EXERCISE DATA.
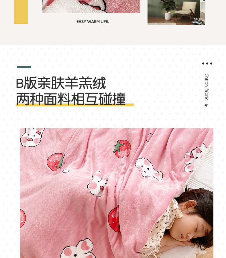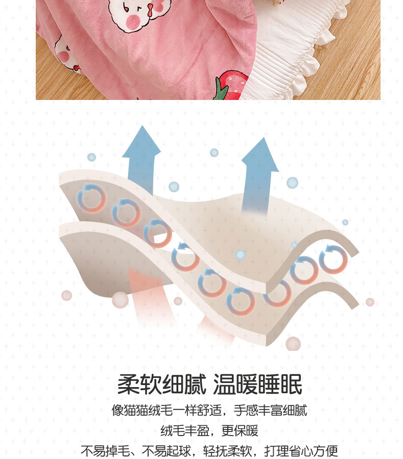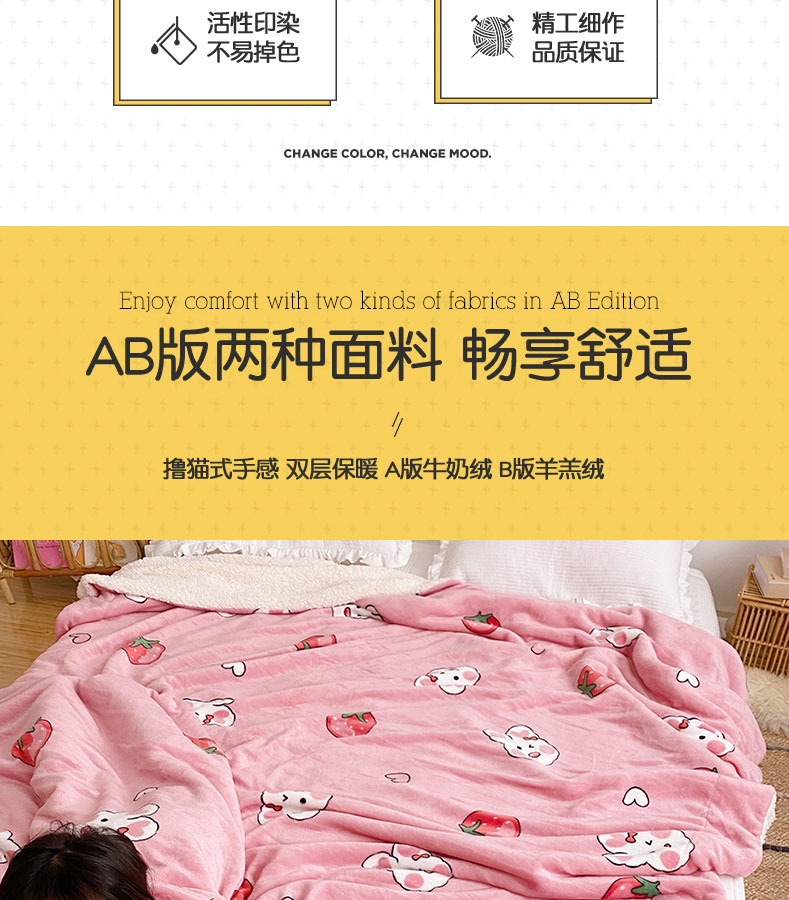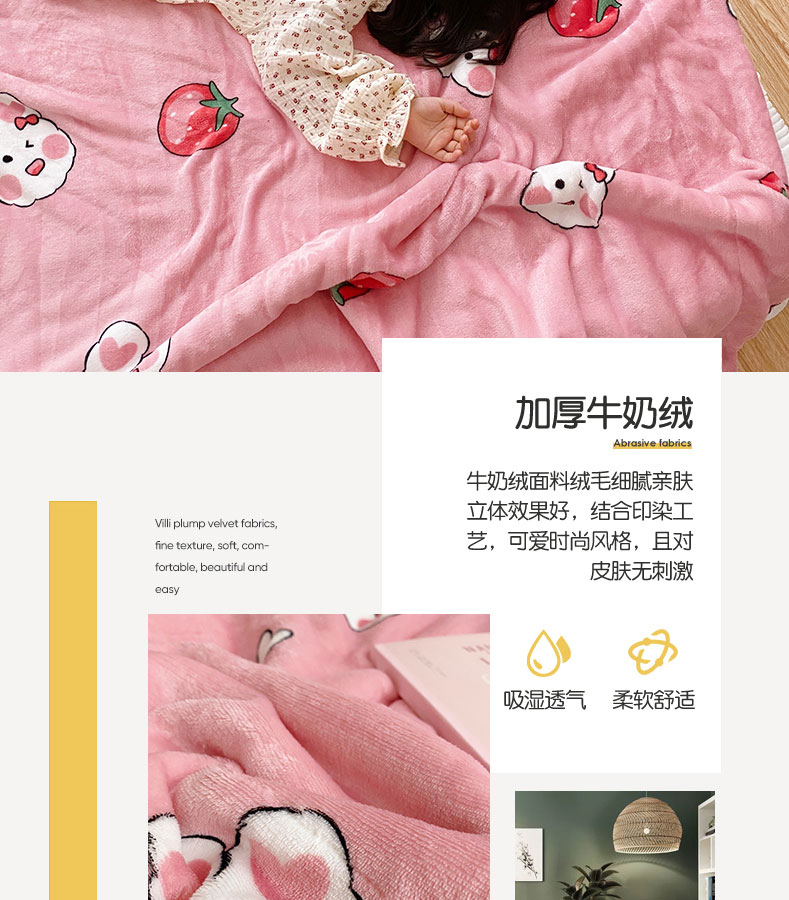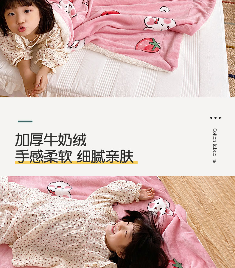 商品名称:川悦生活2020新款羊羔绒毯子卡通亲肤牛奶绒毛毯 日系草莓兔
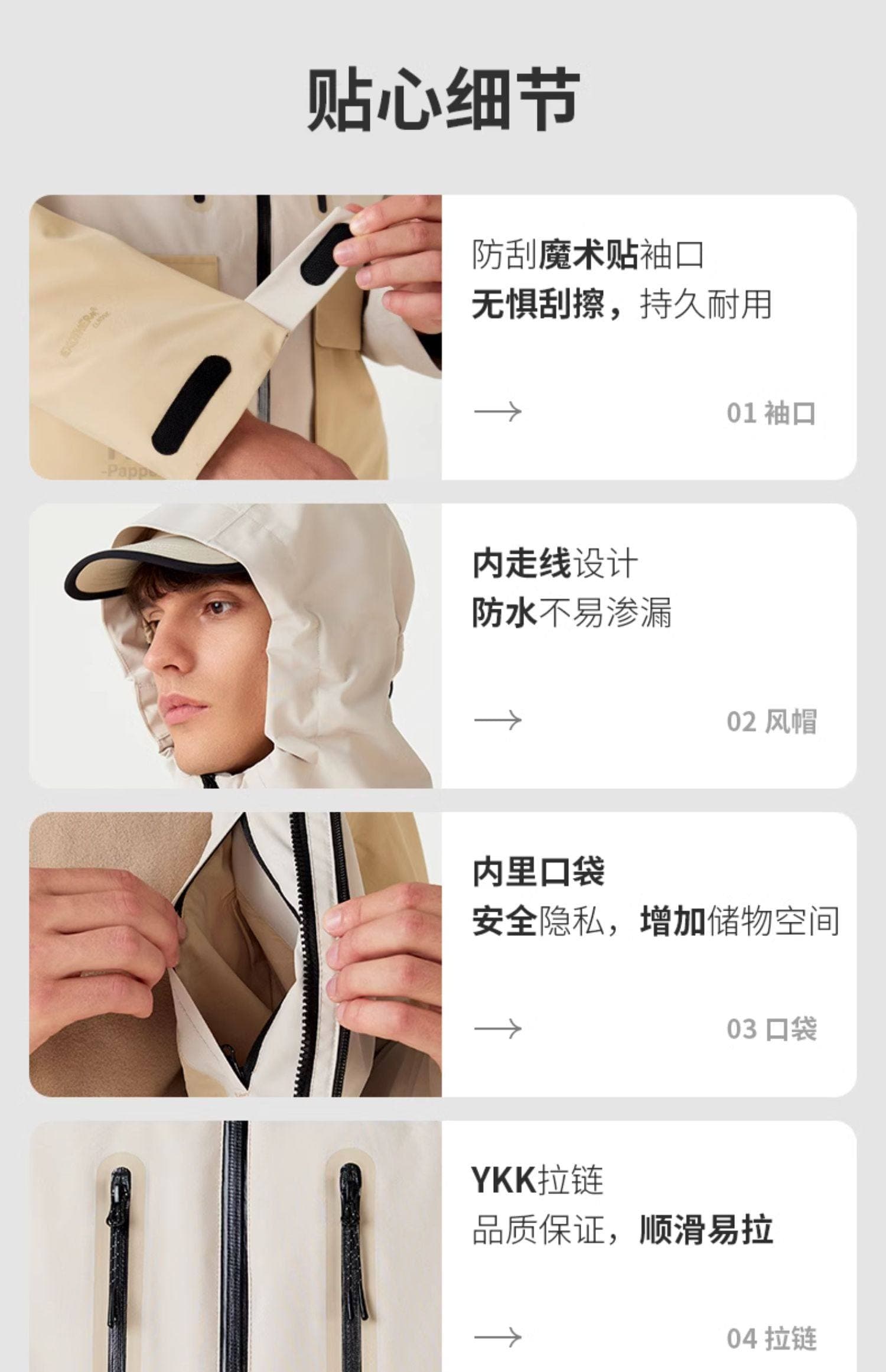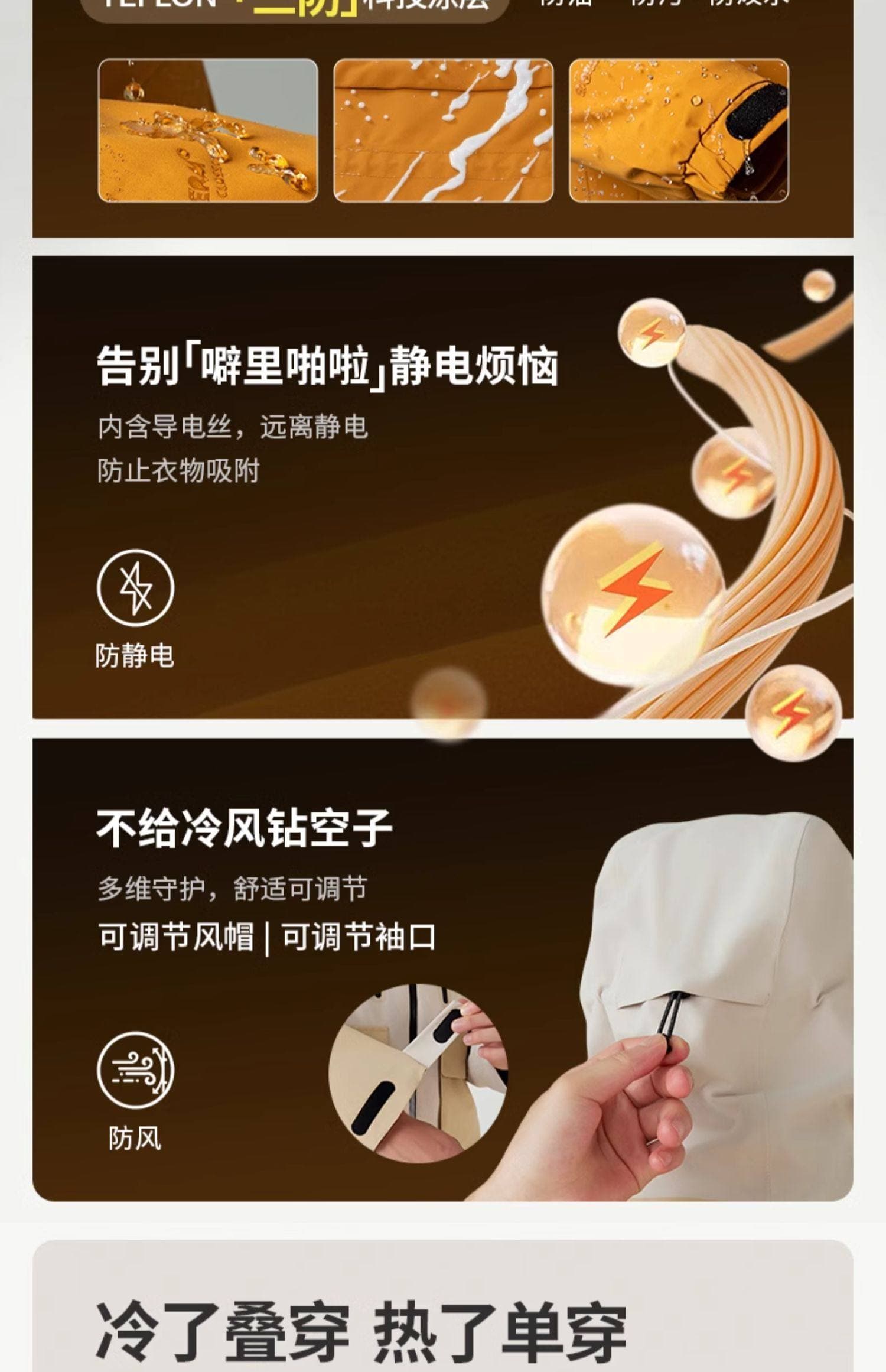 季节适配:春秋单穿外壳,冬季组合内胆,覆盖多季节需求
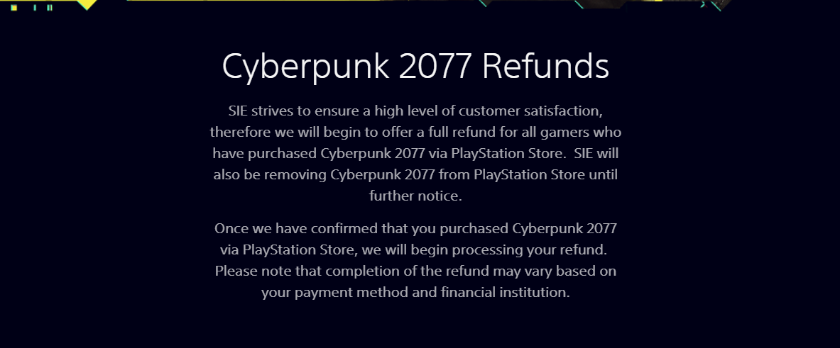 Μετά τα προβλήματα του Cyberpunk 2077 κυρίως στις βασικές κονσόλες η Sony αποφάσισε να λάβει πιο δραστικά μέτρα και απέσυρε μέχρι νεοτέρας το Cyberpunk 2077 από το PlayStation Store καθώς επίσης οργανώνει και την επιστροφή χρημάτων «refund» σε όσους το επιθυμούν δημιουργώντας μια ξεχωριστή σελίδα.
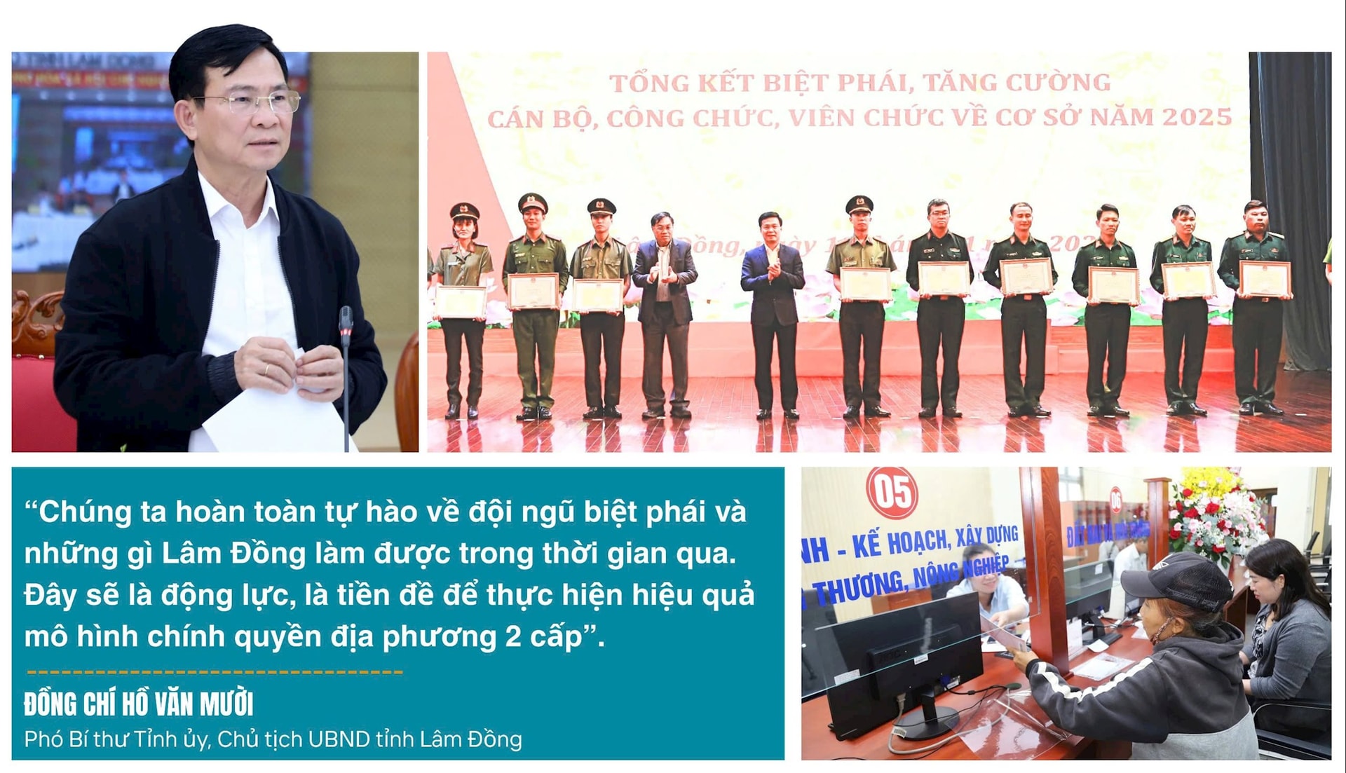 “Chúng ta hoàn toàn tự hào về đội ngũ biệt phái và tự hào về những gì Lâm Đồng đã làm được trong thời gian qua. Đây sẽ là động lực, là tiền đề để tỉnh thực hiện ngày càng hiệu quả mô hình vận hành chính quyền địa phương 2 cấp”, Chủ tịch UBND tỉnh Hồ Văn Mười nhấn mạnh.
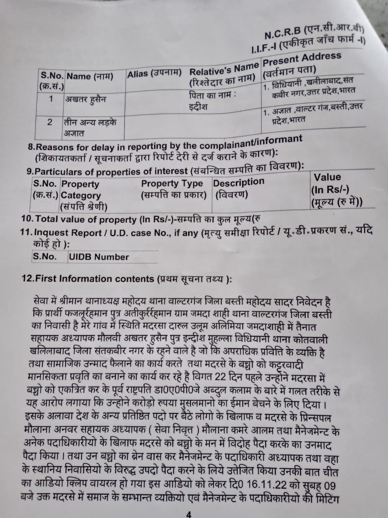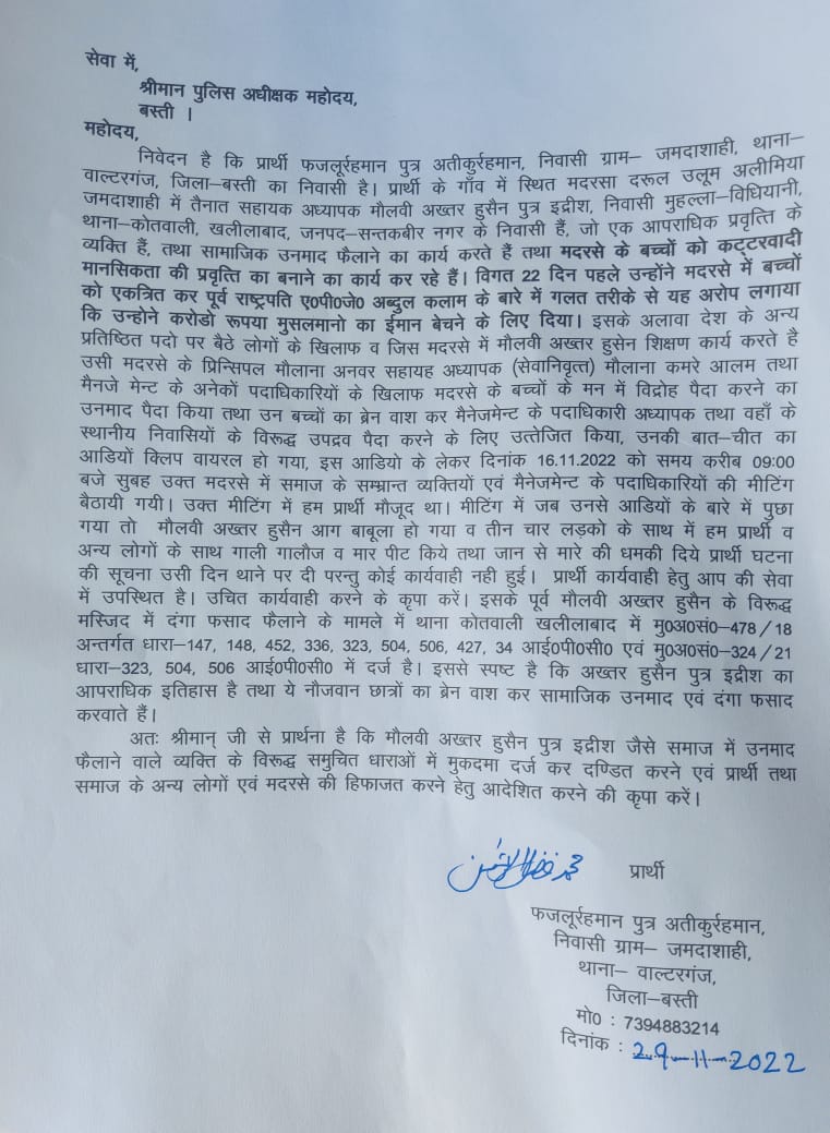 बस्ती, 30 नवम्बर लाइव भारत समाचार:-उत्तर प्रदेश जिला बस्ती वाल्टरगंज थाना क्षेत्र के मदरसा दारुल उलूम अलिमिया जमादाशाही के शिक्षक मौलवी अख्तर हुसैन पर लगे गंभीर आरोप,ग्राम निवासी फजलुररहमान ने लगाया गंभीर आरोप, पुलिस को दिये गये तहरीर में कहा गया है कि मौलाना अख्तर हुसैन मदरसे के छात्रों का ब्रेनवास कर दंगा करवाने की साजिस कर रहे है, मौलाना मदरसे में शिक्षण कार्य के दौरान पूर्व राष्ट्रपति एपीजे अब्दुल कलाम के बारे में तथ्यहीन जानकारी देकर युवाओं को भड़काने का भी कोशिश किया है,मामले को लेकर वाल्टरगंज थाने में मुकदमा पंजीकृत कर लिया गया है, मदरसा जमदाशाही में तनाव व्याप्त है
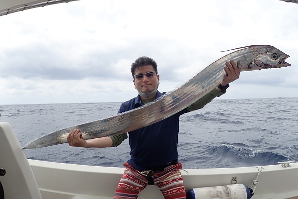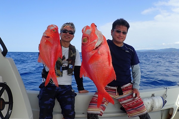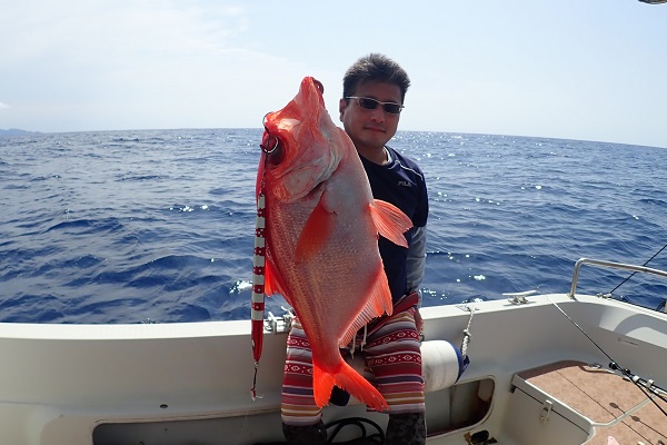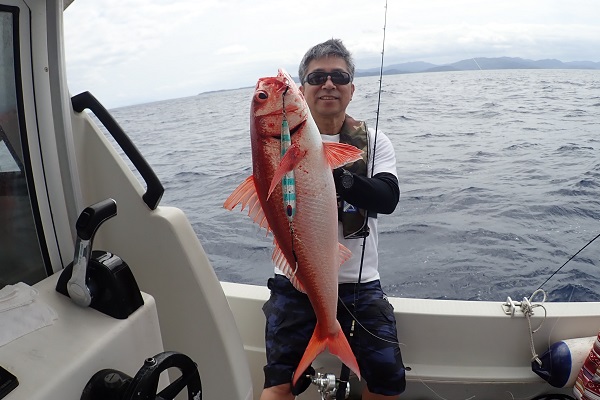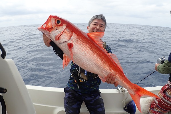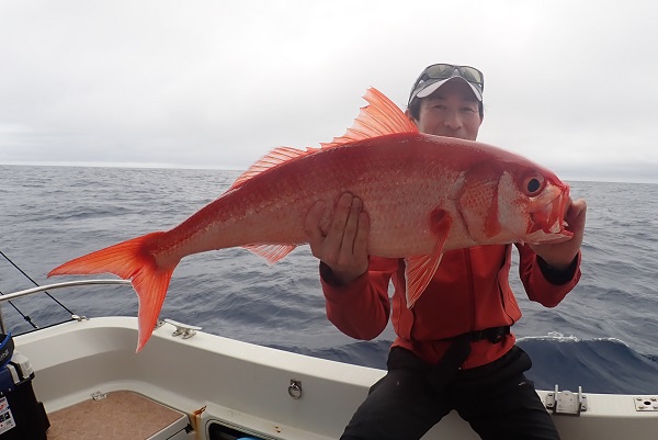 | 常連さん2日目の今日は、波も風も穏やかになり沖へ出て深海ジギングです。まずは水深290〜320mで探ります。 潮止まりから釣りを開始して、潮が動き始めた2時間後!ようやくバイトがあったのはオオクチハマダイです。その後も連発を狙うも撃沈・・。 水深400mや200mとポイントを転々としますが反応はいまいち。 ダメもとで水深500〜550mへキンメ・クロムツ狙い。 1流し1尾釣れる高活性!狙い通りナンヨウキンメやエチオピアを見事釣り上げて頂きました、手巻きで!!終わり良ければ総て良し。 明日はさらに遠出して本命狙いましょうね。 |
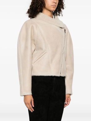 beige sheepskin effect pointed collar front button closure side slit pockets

BRIEF. Provide the listing above once more, exactly, with the pictures removed.

RESPONSE TO THIS TASK.
 商品名称:川悦生活2020新款羊羔绒毯子卡通亲肤牛奶绒毛毯 日系草莓兔
 季节适配:春秋单穿外壳,冬季组合内胆,覆盖多季节需求
 Μετά τα προβλήματα του Cyberpunk 2077 κυρίως στις βασικές κονσόλες η Sony αποφάσισε να λάβει πιο δραστικά μέτρα και απέσυρε μέχρι νεοτέρας το Cyberpunk 2077 από το PlayStation Store καθώς επίσης οργανώνει και την επιστροφή χρημάτων «refund» σε όσους το επιθυμούν δημιουργώντας μια ξεχωριστή σελίδα.
 “Chúng ta hoàn toàn tự hào về đội ngũ biệt phái và tự hào về những gì Lâm Đồng đã làm được trong thời gian qua. Đây sẽ là động lực, là tiền đề để tỉnh thực hiện ngày càng hiệu quả mô hình vận hành chính quyền địa phương 2 cấp”, Chủ tịch UBND tỉnh Hồ Văn Mười nhấn mạnh.
 बस्ती, 30 नवम्बर लाइव भारत समाचार:-उत्तर प्रदेश जिला बस्ती वाल्टरगंज थाना क्षेत्र के मदरसा दारुल उलूम अलिमिया जमादाशाही के शिक्षक मौलवी अख्तर हुसैन पर लगे गंभीर आरोप,ग्राम निवासी फजलुररहमान ने लगाया गंभीर आरोप, पुलिस को दिये गये तहरीर में कहा गया है कि मौलाना अख्तर हुसैन मदरसे के छात्रों का ब्रेनवास कर दंगा करवाने की साजिस कर रहे है, मौलाना मदरसे में शिक्षण कार्य के दौरान पूर्व राष्ट्रपति एपीजे अब्दुल कलाम के बारे में तथ्यहीन जानकारी देकर युवाओं को भड़काने का भी कोशिश किया है,मामले को लेकर वाल्टरगंज थाने में मुकदमा पंजीकृत कर लिया गया है, मदरसा जमदाशाही में तनाव व्याप्त है
 | 常連さん2日目の今日は、波も風も穏やかになり沖へ出て深海ジギングです。まずは水深290〜320mで探ります。 潮止まりから釣りを開始して、潮が動き始めた2時間後!ようやくバイトがあったのはオオクチハマダイです。その後も連発を狙うも撃沈・・。 水深400mや200mとポイントを転々としますが反応はいまいち。 ダメもとで水深500〜550mへキンメ・クロムツ狙い。 1流し1尾釣れる高活性!狙い通りナンヨウキンメやエチオピアを見事釣り上げて頂きました、手巻きで!!終わり良ければ総て良し。 明日はさらに遠出して本命狙いましょうね。 |
 beige sheepskin effect pointed collar front button closure side slit pockets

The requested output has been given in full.